User:TiagoLubiana/10.7554/eLife.52614

This is an wikification of the article Science Forum: Wikidata as a knowledge graph for the life sciences by Andra Waagmeester at al. available at https://elifesciences.org/articles/52614.

This article incorporates text available under the CC BY 4.0 license.

Abstract

Wikidata is a community-maintained knowledge base that has been assembled from repositories in the fields of genomics, proteomics, genetic variants, pathways, chemical compounds, and diseases, and that adheres to the FAIR principles of findability, accessibility, interoperability and reusability. Here we describe the breadth and depth of the biomedical knowledge contained within Wikidata, and discuss the open-source tools we have built to add information to Wikidata and to synchronize it with source databases. We also demonstrate several use cases for Wikidata, including the crowdsourced curation of biomedical ontologies, phenotype-based diagnosis of disease, and drug repurposing.

Introduction

Integrating data and knowledge is a formidable challenge in biomedical research. Although new scientific findings are being discovered at a rapid pace, a large proportion of that knowledge is either locked in data silos (where integration is hindered by differing nomenclature, data models, and licensing terms ^[1]) or locked away in free-text. The lack of an integrated and structured version of biomedical knowledge hinders efficient querying or mining of that information, thus preventing the full utilization of our accumulated scientific knowledge.

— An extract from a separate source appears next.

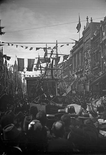 Glass negative stereograph showing a model of a ship taking part in the Trades Procession, Elizabeth Street, 11 May 1901. It is part of the G. H. Myers Collection which consists of 73 photographs taken by Godfrey Henry Myers, an electrician and amateur photographer, in Melbourne during May 1901. 72 of these photographs depict preparations for the celebrations that surrounded Federation; all but one are glass stereographs. This collection represents Myers' one venture into commercial photography. It is significant for its images of the crowds, which do not feature so prominently in commercial photographs. The remaining photograph is a family portrait.
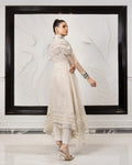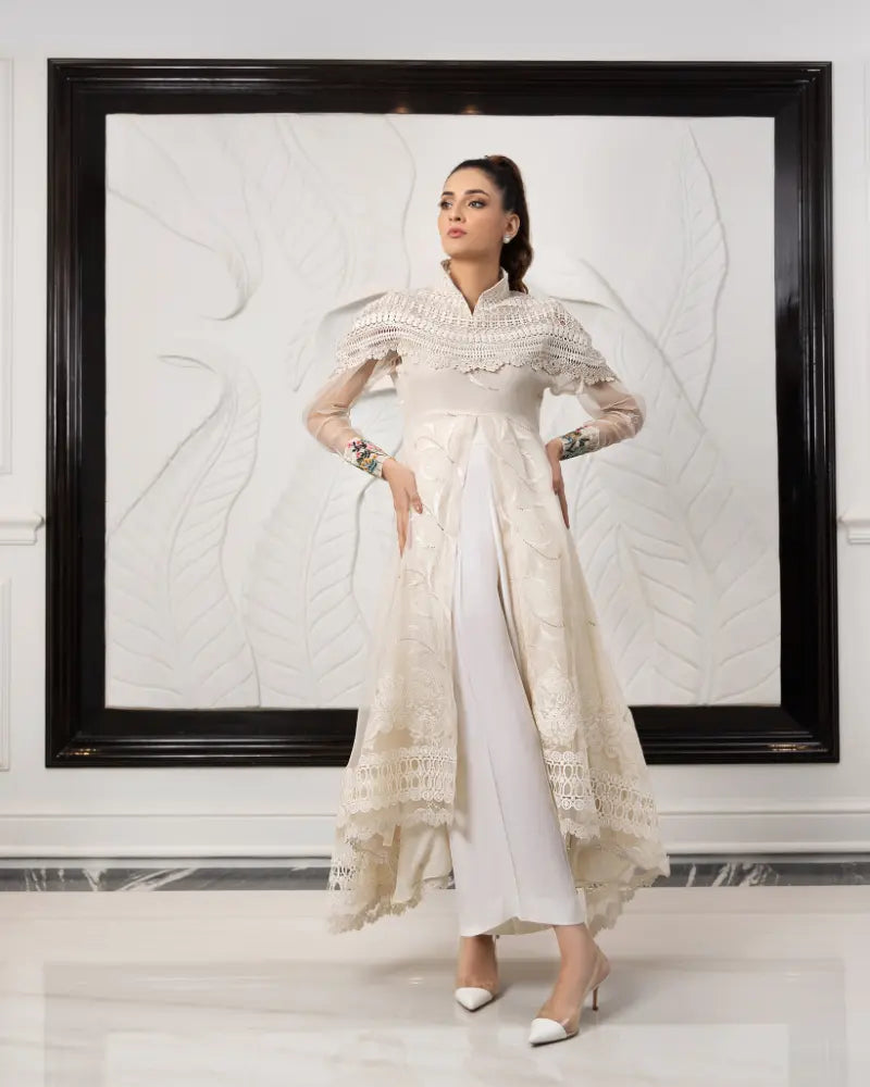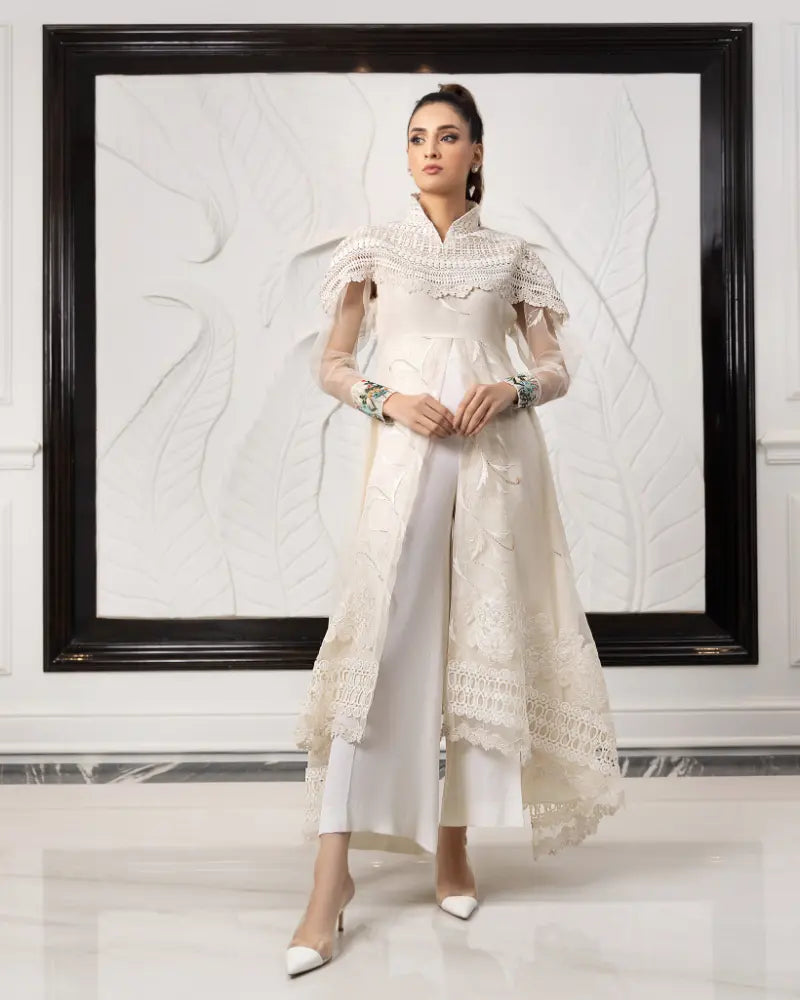 A flowy self embroidered pure organza asymmetric hemline shirt. Adorned with a laced bodice design , silk therad multi embroidered cuffs and an embroidered hemline. silk lining attached.

Recently, there has been a growing emphasis within the scientific community to ensure all scientific data are FAIR – Findable, Accessible, Interoperable, and Reusable – and there is a growing consensus around a concrete set of principles to ensure FAIRness ^[1]^[2]. Widespread implementation of these principles would greatly advance efforts by the open-data community to build a rich and heterogeneous network of scientific knowledge. That knowledge network could, in turn, be the foundation for many computational tools, applications and analyses.

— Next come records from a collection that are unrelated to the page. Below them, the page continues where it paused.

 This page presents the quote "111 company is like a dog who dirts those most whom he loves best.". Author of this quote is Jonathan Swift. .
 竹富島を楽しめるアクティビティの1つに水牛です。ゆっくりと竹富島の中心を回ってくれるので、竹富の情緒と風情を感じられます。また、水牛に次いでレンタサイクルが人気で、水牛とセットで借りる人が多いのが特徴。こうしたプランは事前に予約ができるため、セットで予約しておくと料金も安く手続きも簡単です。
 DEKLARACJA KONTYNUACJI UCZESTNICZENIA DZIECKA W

Most data- and knowledge-integration initiatives fall on either end of a spectrum. At one end, centralized efforts seek to bring multiple knowledge sources into a single database (see, for example, Mungall et al., 2017^[3]): this approach has the advantage of data alignment according to a common data model and of enabling high performance queries. However, centralized resources are difficult and expensive to maintain and expand ^[4]^[5], at least in part because of bottlenecks that are inherent in a centralized design.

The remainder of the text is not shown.